Aktuell ergeben sich 2 mögliche Termine 

Sonntag der 8.9.2013 
und 
Samstag der 5.10.2013

Wir vom Adler Bottrop müssen nun schauen für welchen der Tage wir alle Freigaben bekommen können.

Leider gibt es keine Zentralestelle, die die Veranstaltungen organisiert.
Wir erkundigen uns immer schon im August des Vorjahres was an Kultur wann geplant ist. 
http://www.buehnen.net/ort/bottrop/loc/halde-haniel/


----------



## OneWheeler (31. März 2013)

Hallo zusmmen,

leider wird auch wohl die CTF in Marl (9.6.13) verschoben werden müssen. Das Umweltamt macht dort neue Auflagen und will eine artenrechtliche Unbedeklichkeitsprüfung haben.
Auch dieser Verein arbeitet Fieberhaft an einer Lösung für euch.

Sobald die Termine fest stehen werden wir diese veröffentlichen.

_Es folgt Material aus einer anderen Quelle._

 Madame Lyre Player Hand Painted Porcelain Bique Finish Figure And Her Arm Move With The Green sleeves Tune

In diesem Jahr ist bei den Genehmigungen der Wurm drin.


----------



## Klausen1974 (1. April 2013)

Unfassbar, es wollen doch nur ein paar Leute mit nem Fahrrad Spass haben und das i.d.R. nur auf normalen Wegen, ich hoffe das dieser CTF nicht noch ins Wasser fällt!


----------



## Klausen1974 (3. April 2013)

Interessante News gibts es auch in einer Facebook Gruppe zum NRW CTF Cup!

https://www.facebook.com/groups/nrw.ctf.cup.2011/


----------



## M::::: (3. April 2013)

Das ist schön, aber blöderweise folgen immer mehr Veranstalter, der Devise " steht alles auf FB". 

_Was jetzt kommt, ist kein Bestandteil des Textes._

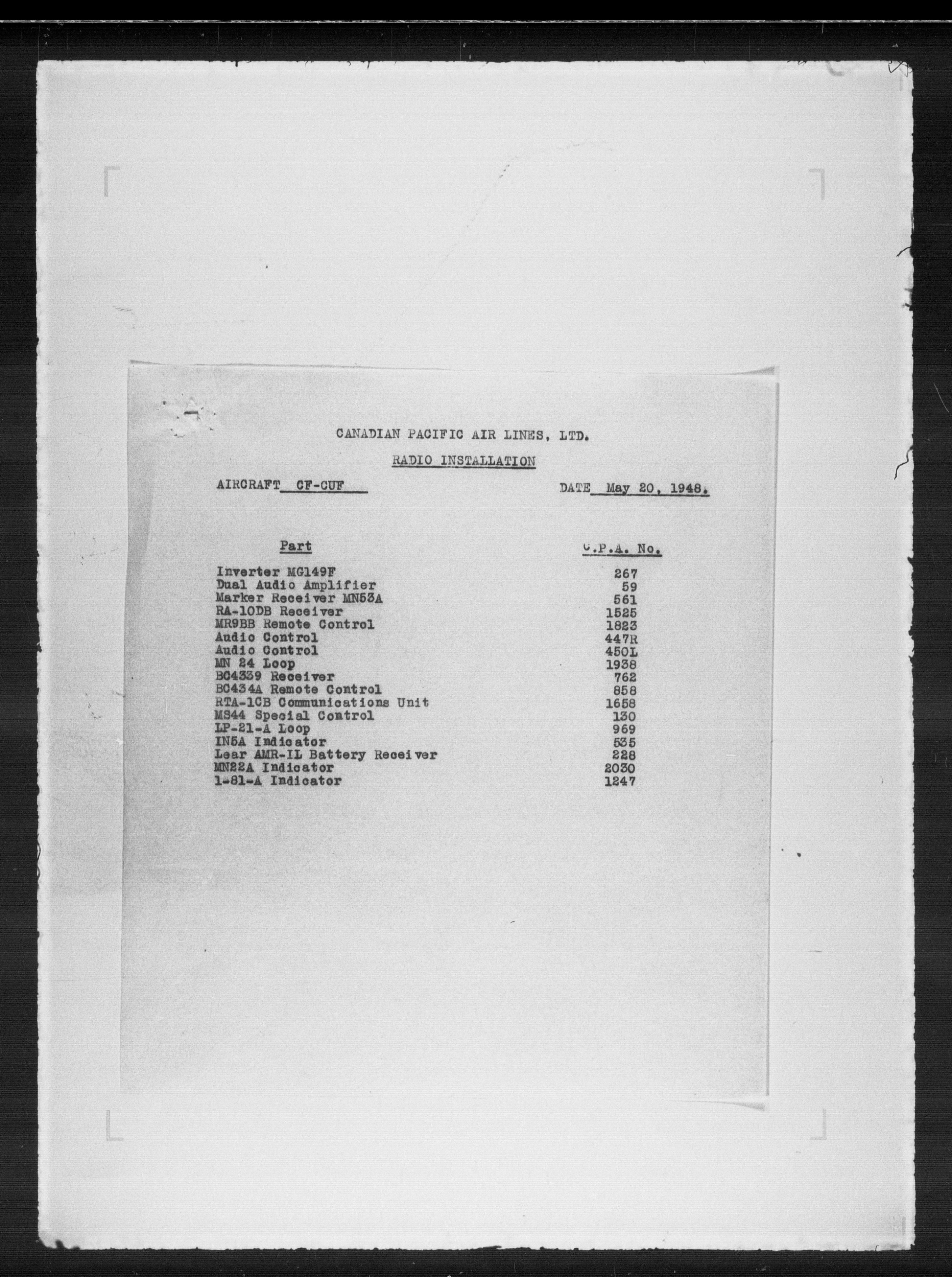 Department of Transport : Civil aircraft registration, inspection and operation files, block 5008, 1920-1986 - 7893

Ich bin nicht bei FB und will da auch auf keinen Fall hin.
Infos zu öffentlichen Veranstaltungen, gehören nicht auf geschlossene Plattformen.


----------



## OneWheeler (3. April 2013)

M::::: schrieb:


> Das ist schön, aber blöderweise folgen immer mehr Veranstalter, der Devise " steht alles auf FB".
> 
> Ich bin nicht bei FB und will da auch auf keinen Fall hin.
> Infos zu öffentlichen Veranstaltungen, gehören nicht auf geschlossene Plattformen.

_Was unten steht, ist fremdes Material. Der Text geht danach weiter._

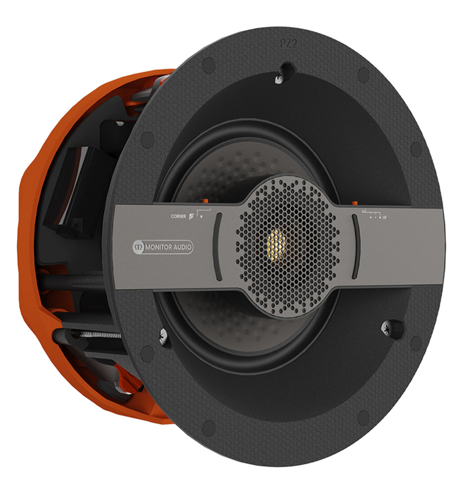 Najmniejszy dwudrożny głośnik montażowy 2-poziomu z serii Creator od Monitor Audio dedykowany do instalacji sufitowej, wyposażony w korekcję barwy względem ścian oraz przełącznik natężenia wysokich częstotliwości - zwiększające swobodę rozmieszczenia głośników w pomieszczeniu.

bin der gleichen Meinung, deshalb poste ich auch hier


----------



## Klausen1974 (4. April 2013)

ich find's praktisch es sind auch einige der Veranstalter mit dabei somit weiß man immer zeitnah Bescheid, ich wollte aber niemanden drängen


----------



## MTB-News.de




----------



## M::::: (4. April 2013)

Klausen1974 schrieb:


> ich find's praktisch es sind auch einige der Veranstalter mit dabei somit weiß man immer zeitnah Bescheid, ich wollte aber niemanden drängen



Hab mich auch nicht von Dir gedrängt gefühlt 
Ich find s nur doof, wenn bei den Haardbikern auf der HP noch die Termine von 2012 stehen und es dann heißt es gäbe News auf FB.
Relevante Neuigkeiten gehören m.M. nach auf die Veranstalter HP und nicht auf geschlossene Plattformen.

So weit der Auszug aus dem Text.